ACTION ITEM:
Please retype all of the records below word for word, leaving out any pictures.

Collection entries:
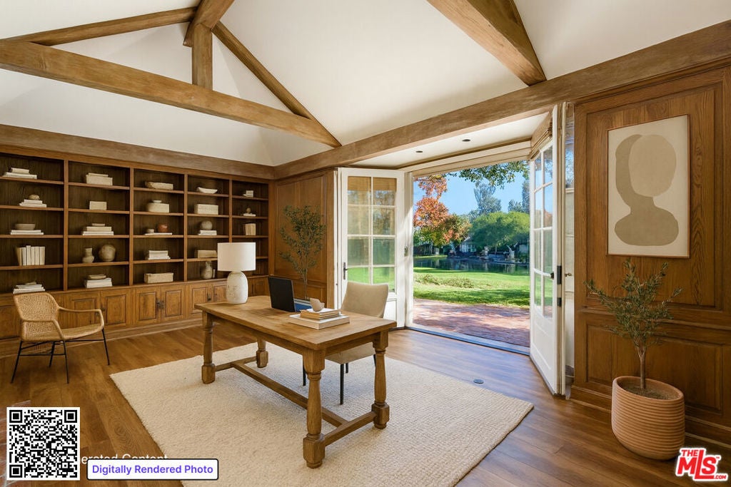 Tucked within the guarded gates of Montecito's prestigious Birnam Wood enclave, this timeless residence enjoys one of the community's most desirable locationsjust moments from the Birnam Wood Golf Club and surrounded by natural beauty. A separate one-bedroom, one-bath guest cottage with its own entrance offers private accommodations for visitors or extended family, complementing the main residence with comfort and versatility. The home's grounds evoke the charm of an English garden, with mature oaks, blooming roses, fruit trees, trimmed hedges, and other flora. Multiple seating areas create a serene, park-like ambiance, while sweeping views of the lake and Santa Ynez Mountains provide a dramatic backdrop. Classic details such as beautiful crown molding and luxuriously stained wood paneling create an air of Old-World sophistication within the residence. The living room features a cathedral ceiling, custom built-ins, and rich wood tones, while an adjoining enclosed porch bathes in sunlight and overlooks the golf course and its lake. A companion formal sitting room offers the same captivating views. The dramatic dining room invites formal repasts with its soaring ceiling, exquisite fabric-lined walls, a statement chandelier, and floor-to-ceiling windows. French doors open to a garden-view terrace. Nearby, the kitchen blends charisma and functionality with hand-stenciled cabinetry and a combination prep-and-serve island perfect for casual meals and relaxed conversation with the chef. A whimsical chandelier and custom range hood mural add a touch of personality, while large windows invite natural light and garden views. A large office provides a quiet retreat with its fireplace, built-in bookshelves, and cathedral ceilingan ideal space for working from home or enjoying privacy. The grand primary suite, a peaceful sanctuary, hosts French doors opening to the gardens, an exceptionally spacious closet, and a lavish bathroom with a large soaking tub swathed in Italian marble. The suite's built-in desk adds function and flexibility, creating a quiet space for reading or reflection. A spacious three-car garage adds convenience. This distinctive property pairs gracious indoor living with extraordinary outdoor spaces in one of Montecito's most exclusive enclaves, all while convenient to the singular amenities this special community offers.
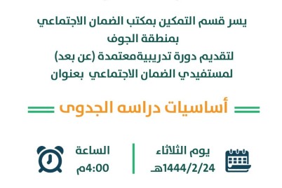 الجوف - سعد حمد الشمري نظم مكتب الضمان الاجتماعي المكتب الرئيسي بمنطقة الجوف ممثلا بقسم التمكين الثلاثاء الموافق ١٤٤٤/٢/٢٤هـ دورة...
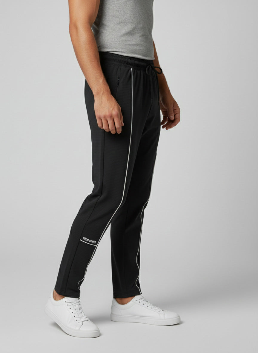 Designed for both training and everyday comfort, these men’s performance track pants combine a clean athletic look with functional design. Crafted from lightweight, breathable fabric, they offer smooth comfort and flexibility for workouts, running, or casual wear. The contrast piping detail adds a modern sporty touch, while the elastic waistband with adjustable drawstring ensures a secure, customized fit. With a tapered silhouette and zippered side pockets, these track pants deliver performance, style, and practicality in one versatile piece.
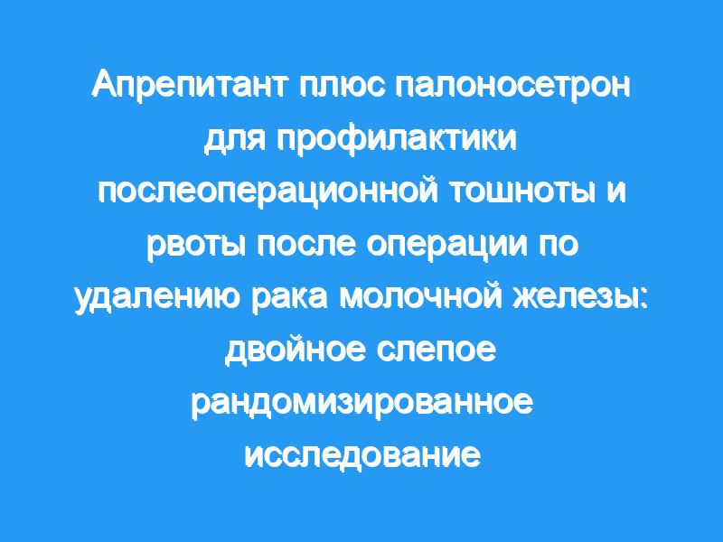 Пациенты с высоким риском (оценка Apfel 3 или 4), которым была назначена односторонняя мастэктомия, были случайным образом распределены в одну из двух групп: пероральный апрепитант (пероральный апрепитант 80 мг, внутривенный дексаметазон 8 мг и палоносетрон 0,075 мг) и пероральное плацебо (пероральное плацебо, внутривенный дексаметазон 4 мг, и палоносетрон 0,075 мг). Пациенты и лица, осуществляющие уход, были слепы к групповым заданиям. Первичные конечные точки эффективности включали частоту возникновения тошноты и рвоты, а вторичные конечные точки включали использование спасательных противорвотных средств в течение 48-часового послеоперационного периода. ClinicalTrials.gov : NCT02431286.
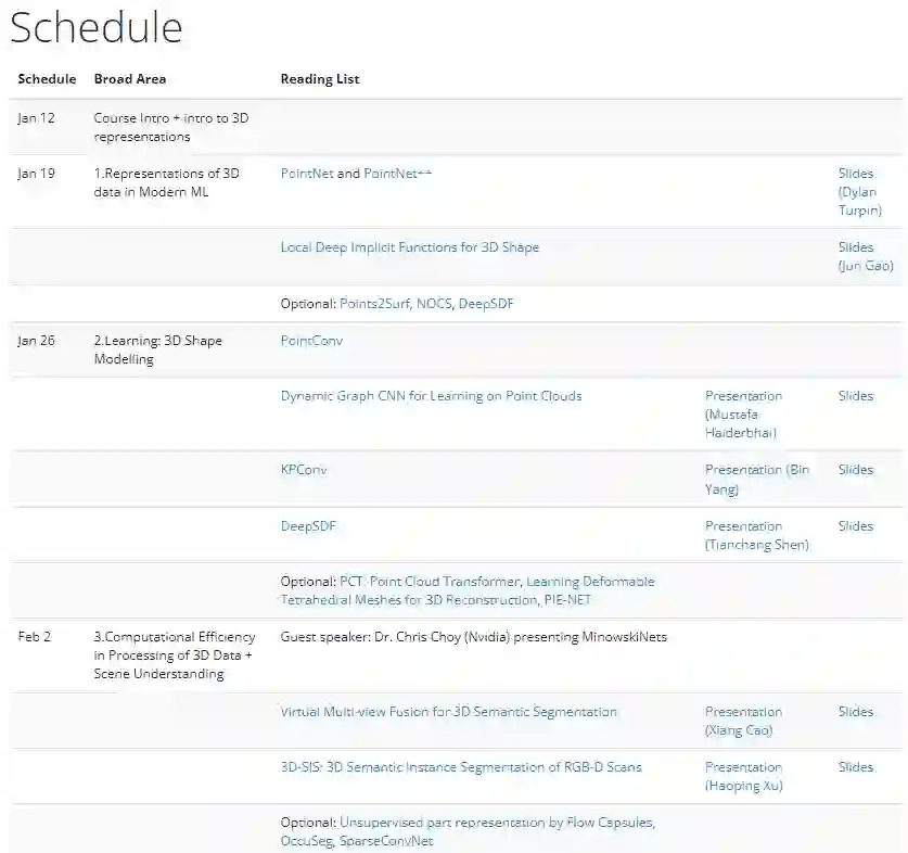 CSC 2547 是多伦多大学的一门课程,主要介绍了几何深度学习方法和 3D 视觉的最新进展。近期 2021 年冬季的 CSC 2547 课程已全部上线,课程视频和讲义资料均公开可看。
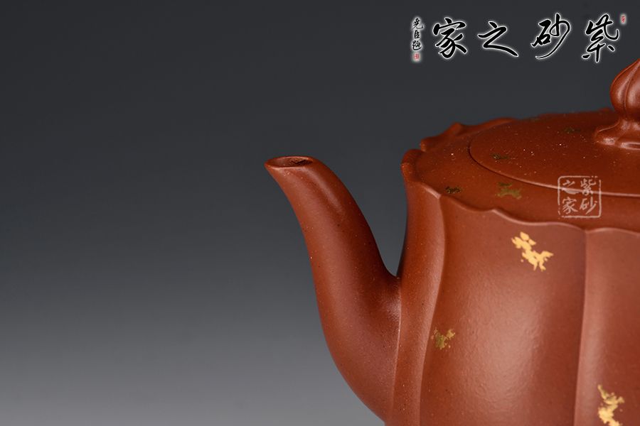 把與嘴相呼應(yīng),極為和諧。泥料精良,撒金裝飾,宜賞宜藏宜把玩!
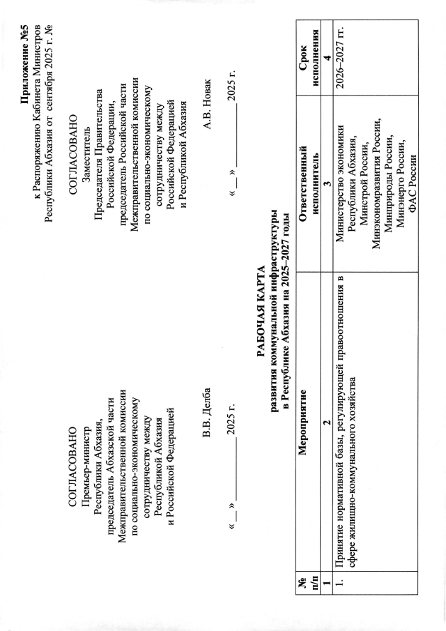 РАСПОРЯЖЕНИЕ Кабинета Министров Республики Абхазия от 12.09.2025 №265 "О согласовании проектов Рабочих карт в сфере образования, здравоохранения, социальной защиты населения, инвестиционной деятельности, коммунальной инфраструктуры, электроэнергетики, туризма и транспорта в Республике Абхазия на 2025-2027 годы"
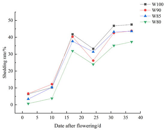 As shown in Figure 7, the shedding rate exhibited a pattern of rapid increase followed by a decrease, then a slow increase, with its lowest value also primarily around the 25th day after flowering. Compared to the control, it gradually decreased with the reduction in irrigation levels, and there was a greater reduction in shedding rate with the more water deficient treatments (Figure 7).
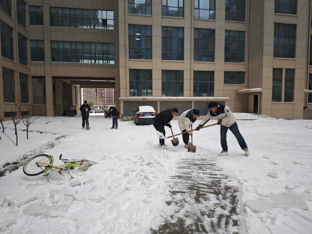 鏟雪工作足足進(jìn)行了三個(gè)多小時(shí),盡管大家的臉都凍得通紅通紅,但是這一切絲毫沒(méi)有影響志愿者的熱情和效率,手中的掃雪工具依然不停地?fù)]舞著,忙得渾身是汗,校園道路清掃的干干凈凈。每一位辛苦付出的學(xué)生在皚皚白雪中成為一道靚麗的風(fēng)景,讓這個(gè)冬日變得格外燦爛和溫暖。
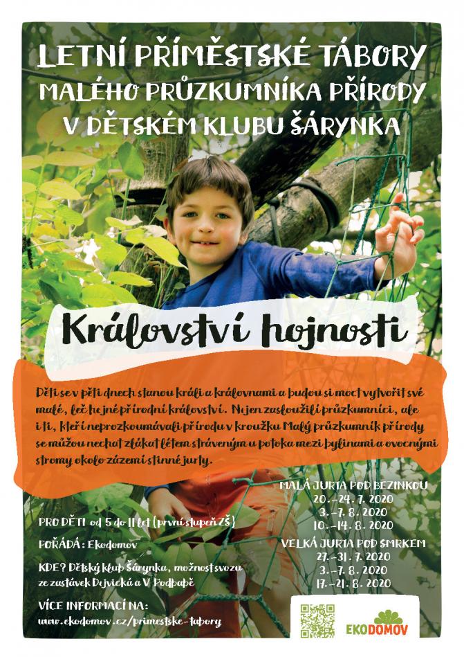 Tábory probíhají v zázemí Dětského klubu Šárynka, v okolí a zázemí ZŠ Zdiby a v okolí a zázemí ZŠ Velké Přílepy. V Roztokách u Prahy využijeme soukromé renovované maringotky na prostorné zahradě a stromů a lesíku v jejím okolí.
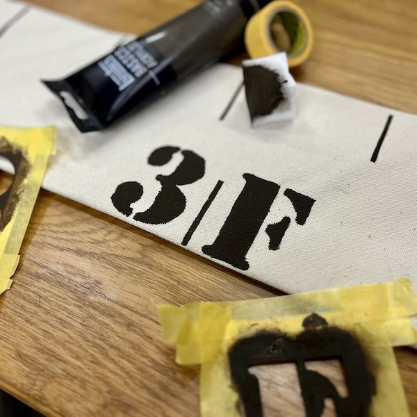 最終的に約15cm幅のテープとするため、縫い代を含めて35cm幅のキャンバスを5m分カットし、縫い合わせて一本の帯状に仕上げる。
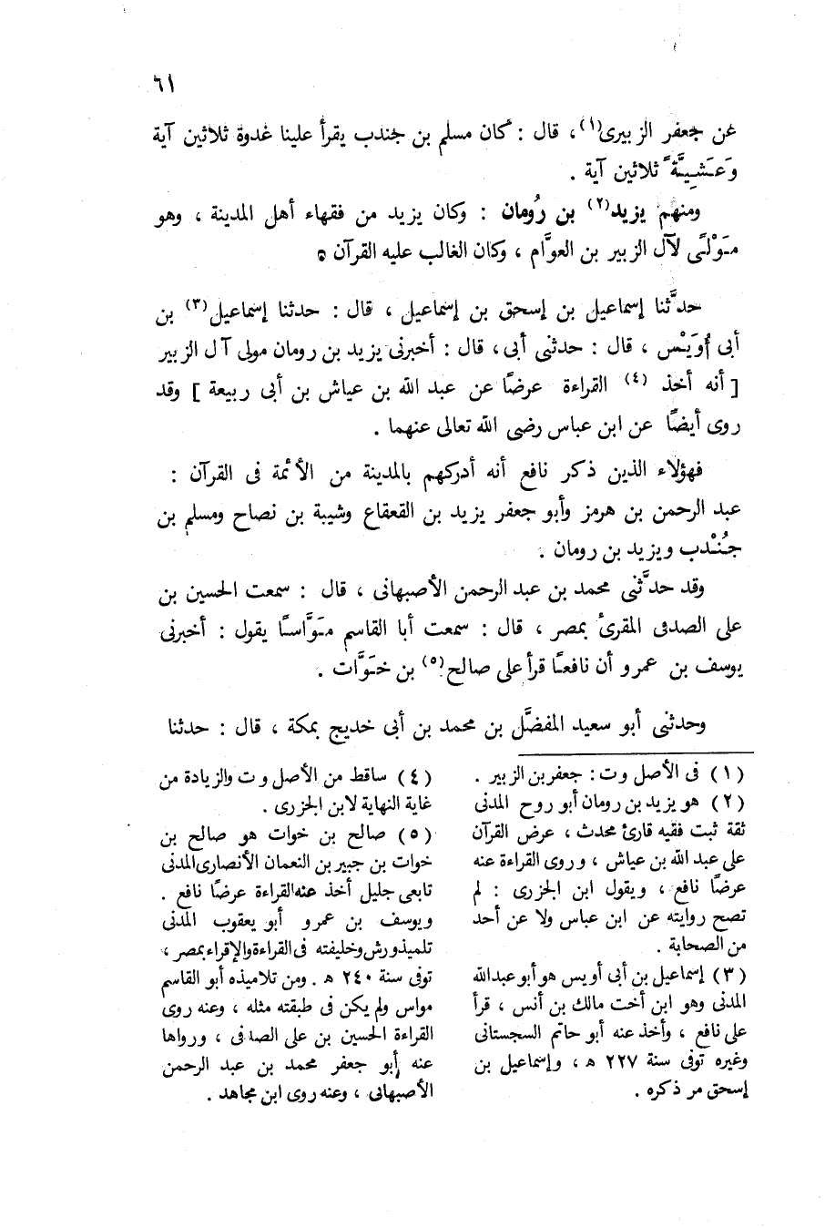 وحَدثني أَبُو سعيد الْمفضل بن مُحَمَّد بن إِبْرَاهِيم بِمَكَّة قَالَ حَدثنَا أَبُو جمة مُحَمَّد بن يُوسُف الزيدي قَالَ أَبُو بكر فَقلت لَهُ الزبيدِيّ فَقَالَ الزُّبْدِيُّ قَالَ حَدثنَا أَبُو قُرَّة سَمِعت نَافِعًا يَقُول قَرَأت على سبعين من التَّابِعين
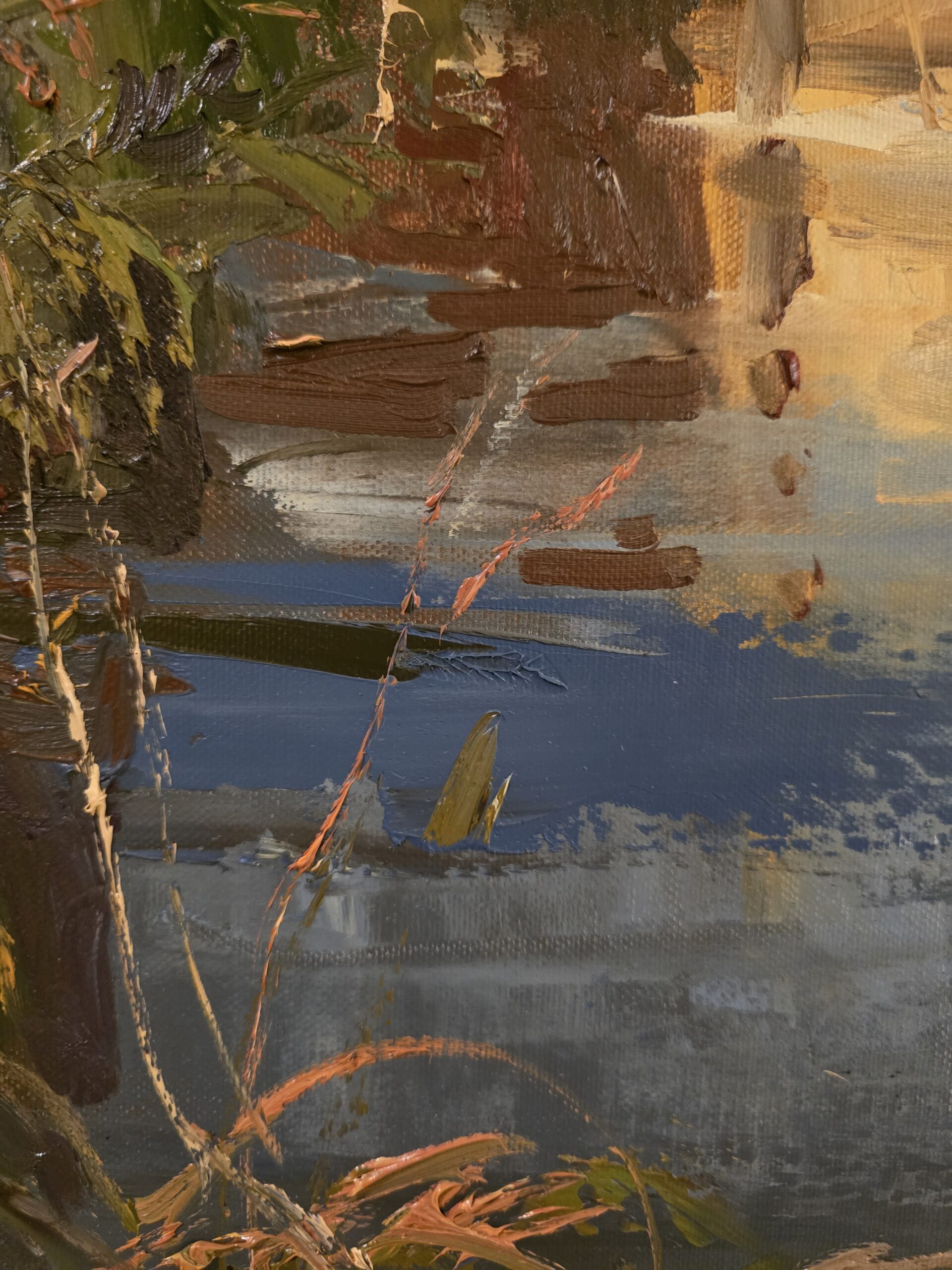 Również w partiach wody artysta nie stroni od nakładania farby z wyczuwalną fakturą. Choć woda zazwyczaj kojarzy się z gładką powierzchnią, u Gromackiego nawet tutaj wyczuwamy ruch i głębię dzięki zróżnicowanej grubości warstw farby i kierunkowi pociągnięć pędzla. Światło załamujące się na tych wypukłościach intensyfikuje kolor i dodaje obrazowi witalności.
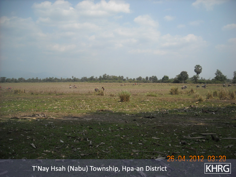On April 10th 2012, when I arrived in T'Nay Hsah Township, I saw many villagers who were complaining differently in many villages. Some [villagers] do not dare go to their paddy farms or to their plantation farms. A reason for this, is that the Border Guard had planted landmines in their plantations, so some of the villagers were injured and many of the villagers' farm animals, such as cows, buffalos and goats were killed.

REPLY TO THE EXERCISE:
 Tucked within the guarded gates of Montecito's prestigious Birnam Wood enclave, this timeless residence enjoys one of the community's most desirable locationsjust moments from the Birnam Wood Golf Club and surrounded by natural beauty. A separate one-bedroom, one-bath guest cottage with its own entrance offers private accommodations for visitors or extended family, complementing the main residence with comfort and versatility. The home's grounds evoke the charm of an English garden, with mature oaks, blooming roses, fruit trees, trimmed hedges, and other flora. Multiple seating areas create a serene, park-like ambiance, while sweeping views of the lake and Santa Ynez Mountains provide a dramatic backdrop. Classic details such as beautiful crown molding and luxuriously stained wood paneling create an air of Old-World sophistication within the residence. The living room features a cathedral ceiling, custom built-ins, and rich wood tones, while an adjoining enclosed porch bathes in sunlight and overlooks the golf course and its lake. A companion formal sitting room offers the same captivating views. The dramatic dining room invites formal repasts with its soaring ceiling, exquisite fabric-lined walls, a statement chandelier, and floor-to-ceiling windows. French doors open to a garden-view terrace. Nearby, the kitchen blends charisma and functionality with hand-stenciled cabinetry and a combination prep-and-serve island perfect for casual meals and relaxed conversation with the chef. A whimsical chandelier and custom range hood mural add a touch of personality, while large windows invite natural light and garden views. A large office provides a quiet retreat with its fireplace, built-in bookshelves, and cathedral ceilingan ideal space for working from home or enjoying privacy. The grand primary suite, a peaceful sanctuary, hosts French doors opening to the gardens, an exceptionally spacious closet, and a lavish bathroom with a large soaking tub swathed in Italian marble. The suite's built-in desk adds function and flexibility, creating a quiet space for reading or reflection. A spacious three-car garage adds convenience. This distinctive property pairs gracious indoor living with extraordinary outdoor spaces in one of Montecito's most exclusive enclaves, all while convenient to the singular amenities this special community offers.
 الجوف - سعد حمد الشمري نظم مكتب الضمان الاجتماعي المكتب الرئيسي بمنطقة الجوف ممثلا بقسم التمكين الثلاثاء الموافق ١٤٤٤/٢/٢٤هـ دورة...
 Designed for both training and everyday comfort, these men’s performance track pants combine a clean athletic look with functional design. Crafted from lightweight, breathable fabric, they offer smooth comfort and flexibility for workouts, running, or casual wear. The contrast piping detail adds a modern sporty touch, while the elastic waistband with adjustable drawstring ensures a secure, customized fit. With a tapered silhouette and zippered side pockets, these track pants deliver performance, style, and practicality in one versatile piece.
 Пациенты с высоким риском (оценка Apfel 3 или 4), которым была назначена односторонняя мастэктомия, были случайным образом распределены в одну из двух групп: пероральный апрепитант (пероральный апрепитант 80 мг, внутривенный дексаметазон 8 мг и палоносетрон 0,075 мг) и пероральное плацебо (пероральное плацебо, внутривенный дексаметазон 4 мг, и палоносетрон 0,075 мг). Пациенты и лица, осуществляющие уход, были слепы к групповым заданиям. Первичные конечные точки эффективности включали частоту возникновения тошноты и рвоты, а вторичные конечные точки включали использование спасательных противорвотных средств в течение 48-часового послеоперационного периода. ClinicalTrials.gov : NCT02431286.
 CSC 2547 是多伦多大学的一门课程,主要介绍了几何深度学习方法和 3D 视觉的最新进展。近期 2021 年冬季的 CSC 2547 课程已全部上线,课程视频和讲义资料均公开可看。
 把與嘴相呼應(yīng),極為和諧。泥料精良,撒金裝飾,宜賞宜藏宜把玩!
 РАСПОРЯЖЕНИЕ Кабинета Министров Республики Абхазия от 12.09.2025 №265 "О согласовании проектов Рабочих карт в сфере образования, здравоохранения, социальной защиты населения, инвестиционной деятельности, коммунальной инфраструктуры, электроэнергетики, туризма и транспорта в Республике Абхазия на 2025-2027 годы"
 As shown in Figure 7, the shedding rate exhibited a pattern of rapid increase followed by a decrease, then a slow increase, with its lowest value also primarily around the 25th day after flowering. Compared to the control, it gradually decreased with the reduction in irrigation levels, and there was a greater reduction in shedding rate with the more water deficient treatments (Figure 7).
 鏟雪工作足足進(jìn)行了三個(gè)多小時(shí),盡管大家的臉都凍得通紅通紅,但是這一切絲毫沒(méi)有影響志愿者的熱情和效率,手中的掃雪工具依然不停地?fù)]舞著,忙得渾身是汗,校園道路清掃的干干凈凈。每一位辛苦付出的學(xué)生在皚皚白雪中成為一道靚麗的風(fēng)景,讓這個(gè)冬日變得格外燦爛和溫暖。
 Tábory probíhají v zázemí Dětského klubu Šárynka, v okolí a zázemí ZŠ Zdiby a v okolí a zázemí ZŠ Velké Přílepy. V Roztokách u Prahy využijeme soukromé renovované maringotky na prostorné zahradě a stromů a lesíku v jejím okolí.
 最終的に約15cm幅のテープとするため、縫い代を含めて35cm幅のキャンバスを5m分カットし、縫い合わせて一本の帯状に仕上げる。
 وحَدثني أَبُو سعيد الْمفضل بن مُحَمَّد بن إِبْرَاهِيم بِمَكَّة قَالَ حَدثنَا أَبُو جمة مُحَمَّد بن يُوسُف الزيدي قَالَ أَبُو بكر فَقلت لَهُ الزبيدِيّ فَقَالَ الزُّبْدِيُّ قَالَ حَدثنَا أَبُو قُرَّة سَمِعت نَافِعًا يَقُول قَرَأت على سبعين من التَّابِعين
 Również w partiach wody artysta nie stroni od nakładania farby z wyczuwalną fakturą. Choć woda zazwyczaj kojarzy się z gładką powierzchnią, u Gromackiego nawet tutaj wyczuwamy ruch i głębię dzięki zróżnicowanej grubości warstw farby i kierunkowi pociągnięć pędzla. Światło załamujące się na tych wypukłościach intensyfikuje kolor i dodaje obrazowi witalności.
On April 10th 2012, when I arrived in T'Nay Hsah Township, I saw many villagers who were complaining differently in many villages. Some [villagers] do not dare go to their paddy farms or to their plantation farms. A reason for this, is that the Border Guard had planted landmines in their plantations, so some of the villagers were injured and many of the villagers' farm animals, such as cows, buffalos and goats were killed.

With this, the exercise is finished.